Top of SOURCE DATA

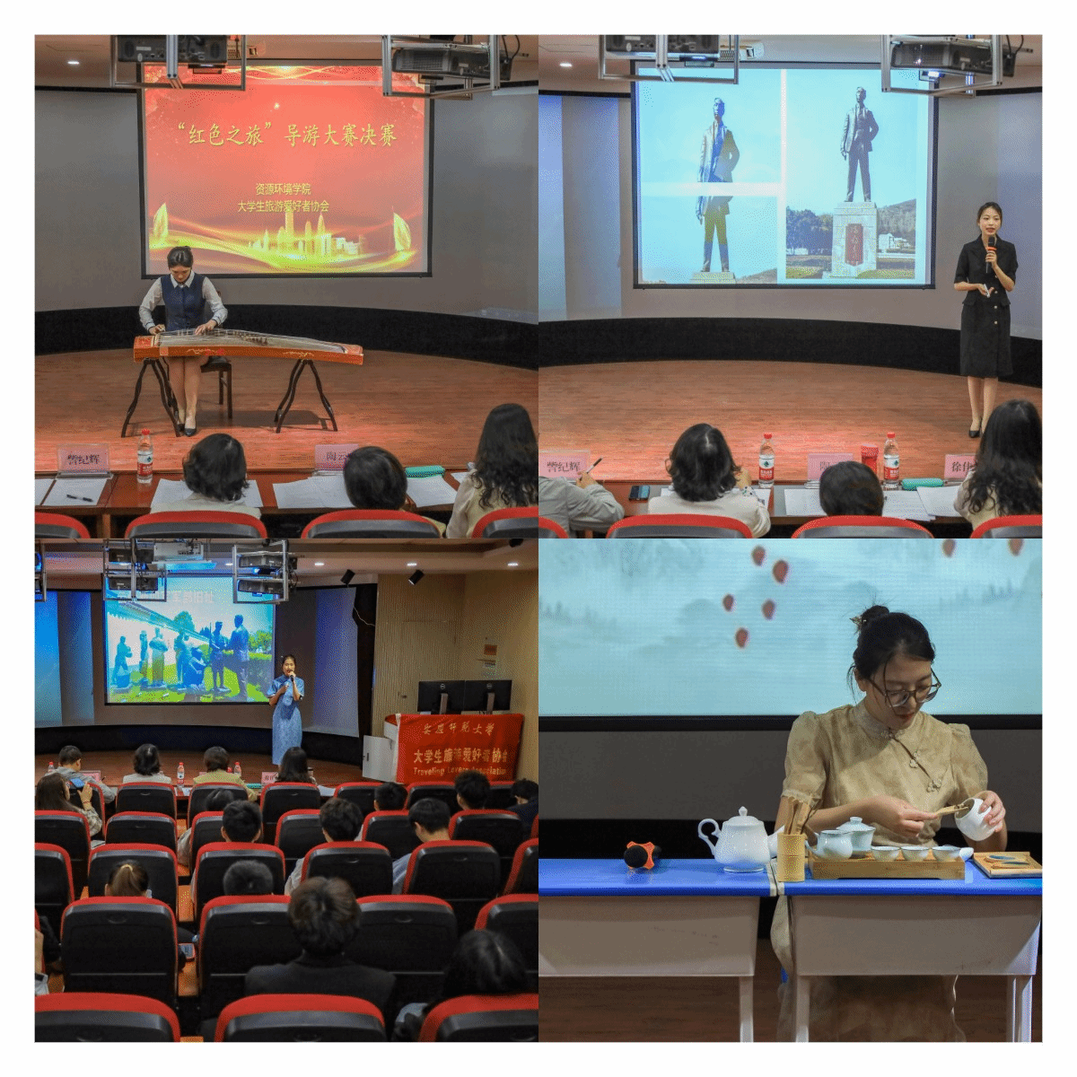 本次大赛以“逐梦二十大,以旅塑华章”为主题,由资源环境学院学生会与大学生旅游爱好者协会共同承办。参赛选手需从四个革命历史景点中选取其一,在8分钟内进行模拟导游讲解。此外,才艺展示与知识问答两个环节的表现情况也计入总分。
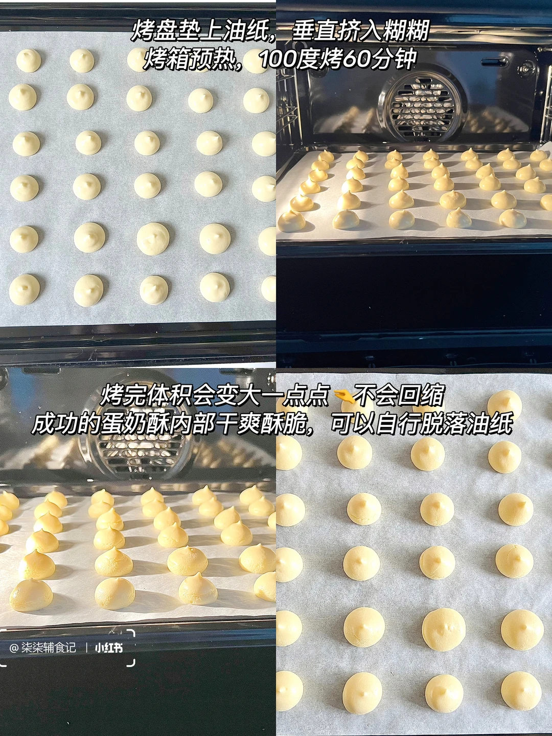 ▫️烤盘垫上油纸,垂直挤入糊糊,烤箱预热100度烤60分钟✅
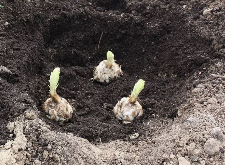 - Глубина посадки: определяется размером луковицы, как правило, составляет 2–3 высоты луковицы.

Bottom of SOURCE DATA

→ **TASK ITEM**: Copy out the whole listing word for word, except for any picture it includes.

→ **TASK OUTPUT**:
 本次大赛以“逐梦二十大,以旅塑华章”为主题,由资源环境学院学生会与大学生旅游爱好者协会共同承办。参赛选手需从四个革命历史景点中选取其一,在8分钟内进行模拟导游讲解。此外,才艺展示与知识问答两个环节的表现情况也计入总分。
 ▫️烤盘垫上油纸,垂直挤入糊糊,烤箱预热100度烤60分钟✅
 - Глубина посадки: определяется размером луковицы, как правило, составляет 2–3 высоты луковицы.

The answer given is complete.